Iterating a rational function
As it turns out, RSolve[] is capable of handling this:
FullSimplify[RSolve[{f[n] == (3 f[n - 1] - 2)/(2 f[n - 1] - 1), f[0] == z},
f[n], n], n ∈ Integers]
{{f[n] -> (2 n (-1 + z) + z)/(1 + 2 n (-1 + z))}}
Extra Credit
Explain the following observations:
f[n_, z_] := ((2 n + 1) z - 2 n)/(2 n z - (2 n - 1))
y /. First[Solve[z == f[n, y], y]] // Simplify
(2 n + z - 2 n z)/(1 + 2 n - 2 n z)
f[-n, z] // Simplify
(2 n + z - 2 n z)/(1 + 2 n - 2 n z)
Nest[f[1/2, #] &, z, 2] == f[1, z] // FullSimplify
True
One way to solve this is to use FindSequenceFunction. First define the iteration
r[z_] := FullSimplify[(3 z - 2)/(2 z - 1)];
So that, for example, the first four terms are:
Nest[r, z, #] & /@ Range[4]
{(2 - 3 z)/(1 - 2 z), (4 - 5 z)/(3 - 4 z), (6 - 7 z)/(5 - 6 z), (8 - 9 z)/(7 - 8 z)}
To get the general form, feed several of these terms into FindSequenceFunction, which returns the answer as a pure function
sol = FindSequenceFunction[Nest[r, z, #] & /@ Range[10]]
(z - 2 #1 + 2 z #1)/(1 - 2 #1 + 2 z #1) &
Or in more familiar notation:
sol[n]
(-2 n + z + 2 n z)/(1 - 2 n + 2 n z)
This is not a proof, but I post it just for fun.
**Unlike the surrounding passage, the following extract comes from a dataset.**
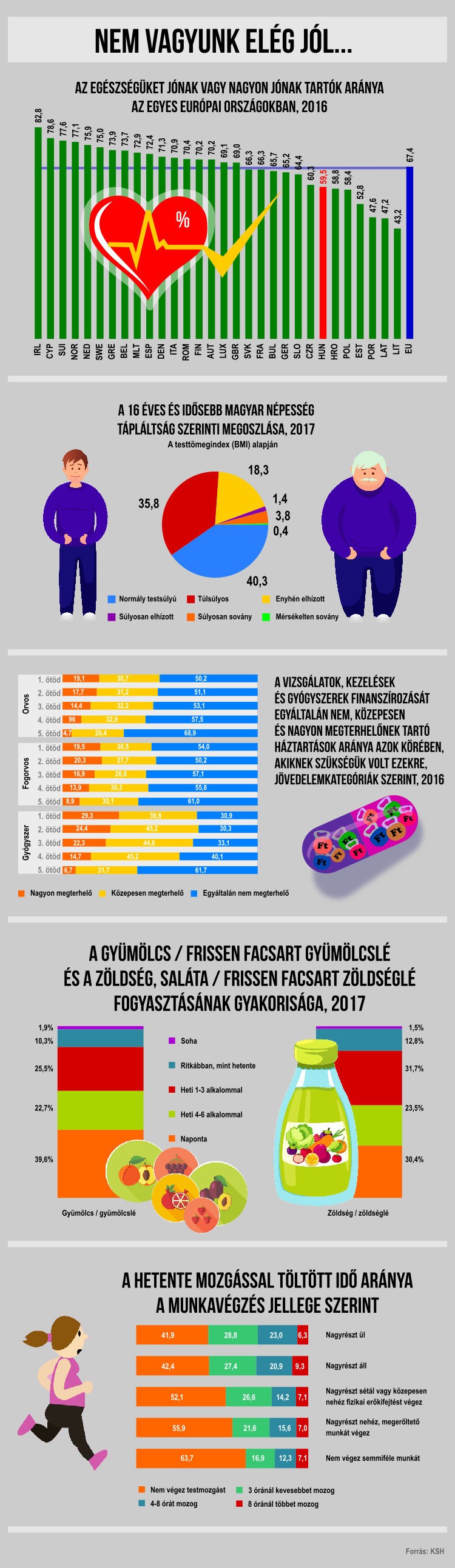 A Központi Statisztikai Hivatal (KSH) nemrég készített egy felmérést Egészségi állapot és egészségmagatartás 2016-2017 címmel, amelyben önbevallálos módszerrel vizsgálták a magyarok egészségi állapotát – írja a Házipatika. 2010 és 2015 között a megkérdezettek 55-56 százaléka tartotta jónak vagy nagyon jónak egészségi állapotát, majd 2016-2017-ben ez az arány 59-60 százalékra emelkedett, de még így is le vagyunk maradva az átlagtól.
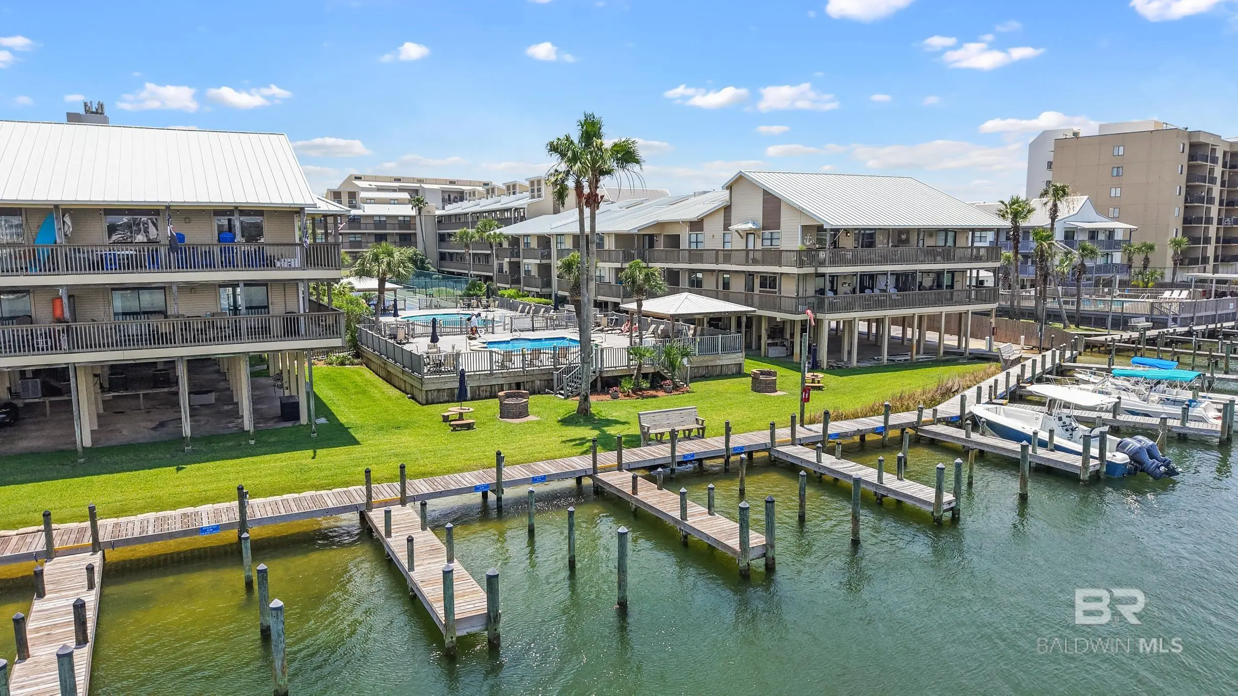 Step into coastal comfort with this beautifully updated condo at Ole River Condominium! This complex has a 30 day rent restriction allowing for a slower pace community of owners on Old River with a front-row seat to the passing boats! Owners and Guests enjoy nearby deeded access to the beach, as well as a variety of on-site amenities including the renovated dock with first-come, first-serve boat slips, covered fishing area and cleaning station, covered parking for two vehicles, two outdoor swimming pools, tennis courts with pickleball court lines, shuffleboard, kayak and paddle-board storage, and two elevators. The river is ideal for kayaking, paddle-boarding, fishing, swimming, and boating with quick access to the Gulf of America, Terry Cove, Robinson Island, and numerous waterfront restaurants.Unit 104 offers a low-maintenance lifestyle in a location that puts you close to both the water and local attractions. Whether you're spending the day on the water or relaxing by the pool, this unit delivers a functional and stylish home base in the heart of Orange Beach. HVAC was replaced with a new high efficiency unit with built in dehumidifier. Complex is less than 1 mile to the world famous FloraBama! Buyer to verify all information during due diligence.

In the following, the iterated Möbius transform is compared with the proposed solution in the complex plane and on the Riemann sphere...
spc[x_, y_] := {2 x, 2 y, -1 + x^2 + y^2}/(1 + x^2 + y^2)
mt[a_, b_, c_, d_][x_, y_] :=
Through[{Re, Im}[(a x + a I y + b)/(c x + c I y + d)]].
fun = mt[3, -2, 2, -1]
g[n_] := mt[2 n + 1, -2 n, 2 n, -(2 n - 1)]
Manipulate[
Column[{ListPlot[{{p}, {Nest[fun @@ # &, p, n]}, {g[m] @@ p}},
PlotMarkers -> {Automatic, 10}, PlotRange -> {{-2, 3}, {-1, 1}}],
ListAnimate[
Graphics3D[{Opacity[0.5], Sphere[], PointSize[0.03], Opacity[1],
Yellow, Point[spc @@ p], Red,
Point[spc @@ (Nest[fun @@ # &, p, #])], , Green,
Point[spc @@ (g[m] @@ p)]}, Background -> Black,
Boxed -> False] & /@ Range[m]]}],
{p, {-1, -1}, {1, 1}, Slider2D}, {m, {10, 20, 40}}, {{n, 1},
Range[m], PopupMenu}]
The red point is the iterated function, and the green point the value of recursion solution at that iteration number.